Every institution of India has failed women. The National Commission for Women, the National Human Rights Commission, the National Commission for Scheduled Castes and Scheduled Tribes – neither has found it fit, after 2 months of violence, to visit the state and investigate these crimes. The Governor of Manipur, Anusuiya Uikey, instead of helping heal wounds, has only fueled xenophobia by suggesting that “infiltrators” (implying Kukis are not Indian, but terrorists from across the border) are to be blamed for the on-going violence in Manipur.

We, therefore, ask that the Supreme Court of India set up an Independent Enquiry Committee to examine the scale of violence against women in Manipur.    

 WE DEMAND:

  1. The immediate dismissal of N Biren Singh from the post of Chief Minister of Manipur

  2. The State must ensure social, emotional, physical and economic rehabilitation of the survivors, dignity, privacy and security from further harassment and violence. The survivors must be provided all legal assistance and enabled to pursue justice for what they have suffered.

  3. Immediate arrest and prosecution of the perpetrators involved in the incidents of violence against women, including those identified and reported by the survivors. Strict action against erring police officers for their acts of complicity and enabling of violence against women, their gross negligence and failure in preventing these grave crimes against humanity.

  4. Intervention and monitoring by the Supreme Court of the implementation of rule of law in this case and in the investigation of other cases of mob violence in Manipur.   

  5. An Independent enquiry committee should be constituted by the Supreme Court of India to examine the scale of violence against women in the on-going conflict in Manipur.

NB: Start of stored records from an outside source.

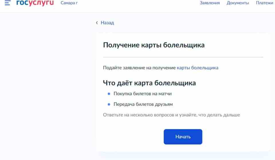 С 4 июля самарцы могут оформит карту болельщика на Госуслугах
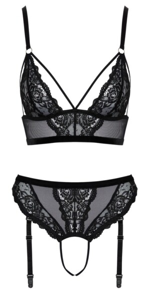 Sada podprsenky Bralette a tang bez rozkroku od Cottelli LINGERIE v jemné kombinaci černé krajky a síťoviny Powernet. Měkká a pružná po celém obvodu pro vysoké pohodlí. Delší podprsenka zaujme svými strečovými ramínky ve výstřihu a tanga do pasu zcela otevřeným rozkrokem. Ramínka jsou nastavitelná, stejně jako šle, které lze z tang zcela odejmout.
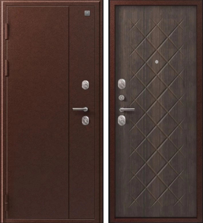 Надежная входная Дверь V-02 медь антик - венге премиум класса по цене 32 350 руб. Большая толщина стали защитит от проникновения в ваш дом, квартиру или коттедж. Используется очень качественная фурнитура: замки, цилиндры, ручки, защелки. Покрытие и отделка двери изготовлено под внимательным контролем производителя. Дверь имеет долгий срок службы и гарантию.
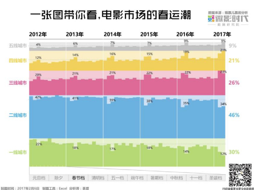 在中國人眼中,團(tuán)圓是春節(jié)的符號,因此今年春節(jié)檔全國票房的區(qū)分也備受春運(yùn)影響。微影數(shù)據(jù)研究院數(shù)據(jù)顯示,近5年來,一、二線城市春節(jié)檔票房明顯下降,四、五線城市呈上漲趨勢,三線城市比較穩(wěn)定。
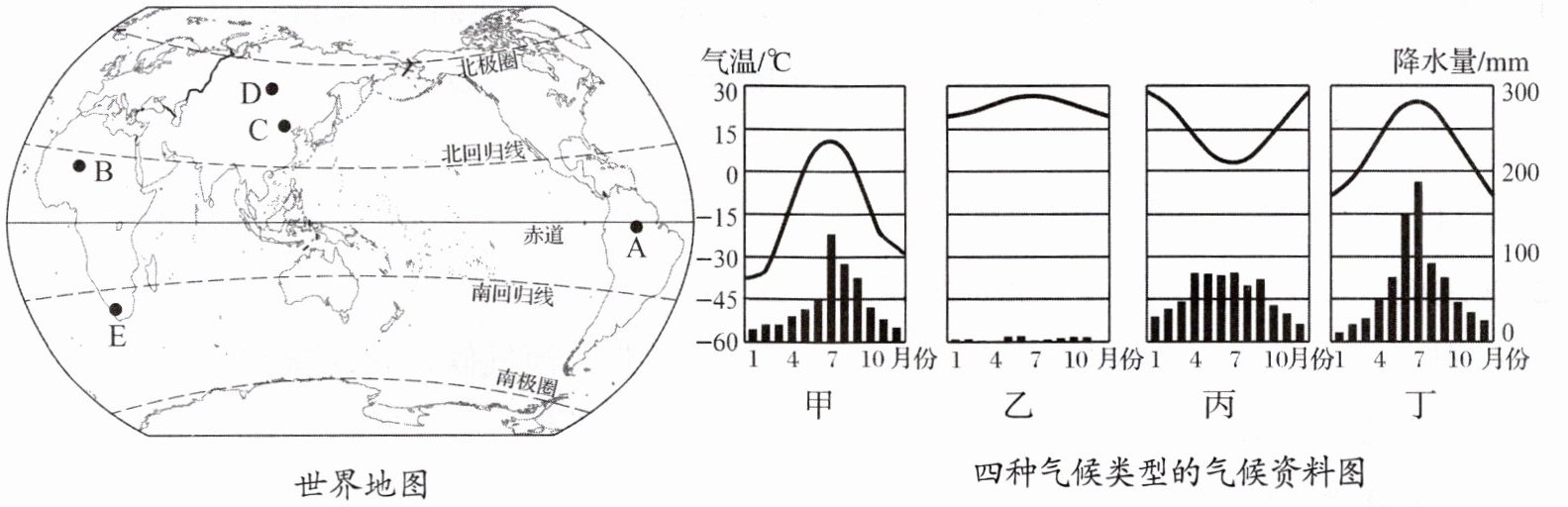 。(2)左图中 B、C、D、E 四地的气候类型与甲、乙、丙、丁的对应关系:
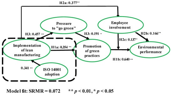 | H2b | Employee involvement -> Environmental performance | 0.166 | 2.925 ** | Supported |
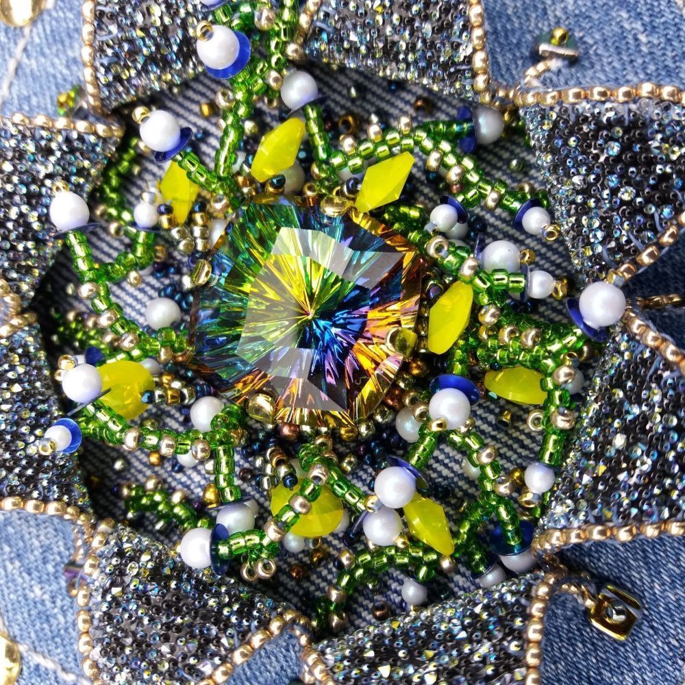 На столе лежали кристаллы и жемчуг Swarovski из новой коллекции Весна / Лето 2021«Время сиять» и дожидались моего вдохновения. Неподалеку лежала моя старая любимая джинсовая куртка.
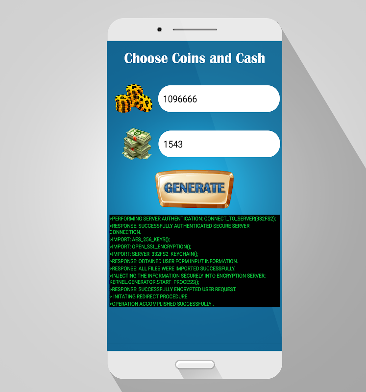 after enter the coins and cash that you want to win and click Generate complete all step and wait while the operation ends.

  6. Fact finding, solidarity and enquiry teams by citizens, activists and civil society must be allowed to visit Manipur and help document these crimes, without fear of state reprisal or police cases.

  7. Restore internet in the state and end the internet/media blackout.
Anuradha Banerji, Saheli Women's Resource Centre, New Delhi.
Farah Naqvi, Writer and Activist, New Delhi.
Kalyani Menon Sen, Activist and Researcher, Coimbatore.
Kavita Krishnan, Feminist Activist, New Delhi.
Kavita Srivastava, People's Union of Civil Liberties.
Koninika Ray, National Federation of Indian Women.
Ranjana Padhi, Writer and Activist, Odisha.